Таня постояла на галерее, глядя, как он спускается по лестнице, пересекает крохотный двор и напоследок оборачивается, делая ей знак вернуться в квартиру. Синяя дощатая дверь открылась и закрылась, Андрей исчез.
На сердце у девушки было так тяжело, что она с трудом сдерживала слезы. Она сама не знала, отчего ей так хочется плакать – ведь дело кончилось не самым худшим образом, Андрей был лишь легко ранен, убийца сбежал и вряд ли решится снова напасть в эту ночь... А наутро Таня собиралась последовать Пашиному совету и всеми правдами и неправдами выбраться с Эвии на материк. «А там – в Москву, Паша говорит, там меня не тронут. Но почему? Почему здесь я кому-то мешаю, а там – нет? И как я могу вообще кому-то мешать, настолько, чтобы в меня стреляли?

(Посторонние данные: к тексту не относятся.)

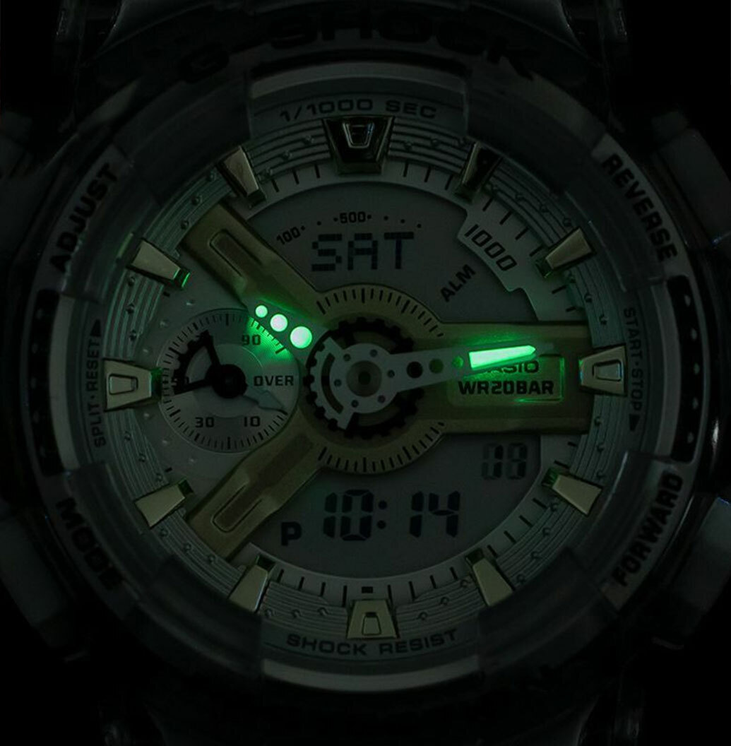 Женские кварцевые наручные часы c аналого-цифровым отображением времени. Серия Casio G-Shock S-series. Противоударный корпус защищает механизм часов от ударов и вибрации. Автоматическая светодиодная подсветка — при недостаточном освещении поворот руки включает подсветку циферблата, выбор продолжительности подсветки 1,5 секунды или 3 секунды, послесвечение. Стрелки с люминесцентным покрытием, которое светится в темноте после непродолжительного воздействия света. Мировое время – 48 городов (29 часовых поясов), всемирное координированное время (UTC), включение/отключение летнего времени, переключение между домашним и мировым временем. 12-ти и 24-х часовой формат отображения времени. Секундомер с точностью показаний 1/1000 с и временем измерения 100 ч. Режимы измерения: пройденное время, время круга, промежуточное время. Расчет скорости по выбранной дистанции. Таймер обратного отсчета от 1 мин до 24 ч (с интервалом в 1 минуту и с интервалом в 1 час) с автоповтором. 5 ежедневных будильников, один с функцией повтора сигнала (Snooze), ежечасный сигнал. Автоматический календарь до 2099 года. Круглый корпус из полупрозрачного пластика серого цвета. Размер корпуса 45,9 мм на 49мм, толщина 15,8мм. Устойчивое к мелким механическим повреждениям минеральное стекло. Полупрозрачный пластиковый ремешок серого цвета с классической застежкой Buckle. Приблизительный срок службы батареи 2 года. Водонепроницаемость 200 WR (плавание и ныряние без акваланга). Вес около 56 г.

Пашка, проклятый, во что ты ввязался?! Ведь это все из-за тебя, других вариантов нет!» Она вспомнила лицо своего бывшего возлюбленного – оплывшее, хмурое, его настороженный взгляд и новую манеру говорить – словно только для того, чтобы отделаться. За четыре года он изменился так, словно прожил долгую и не слишком легкую жизнь. «Надо было вцепиться в него и трясти, пока не расскажет, что с ним случилось! А так... Не знаю даже, говорить его матери о нем или смолчать? Скажу – еще больше убиваться будет. Еще бы – любимый сын, жив, здоров, вроде при деньгах – и четыре года ни слова...»
Ознакомительная версия.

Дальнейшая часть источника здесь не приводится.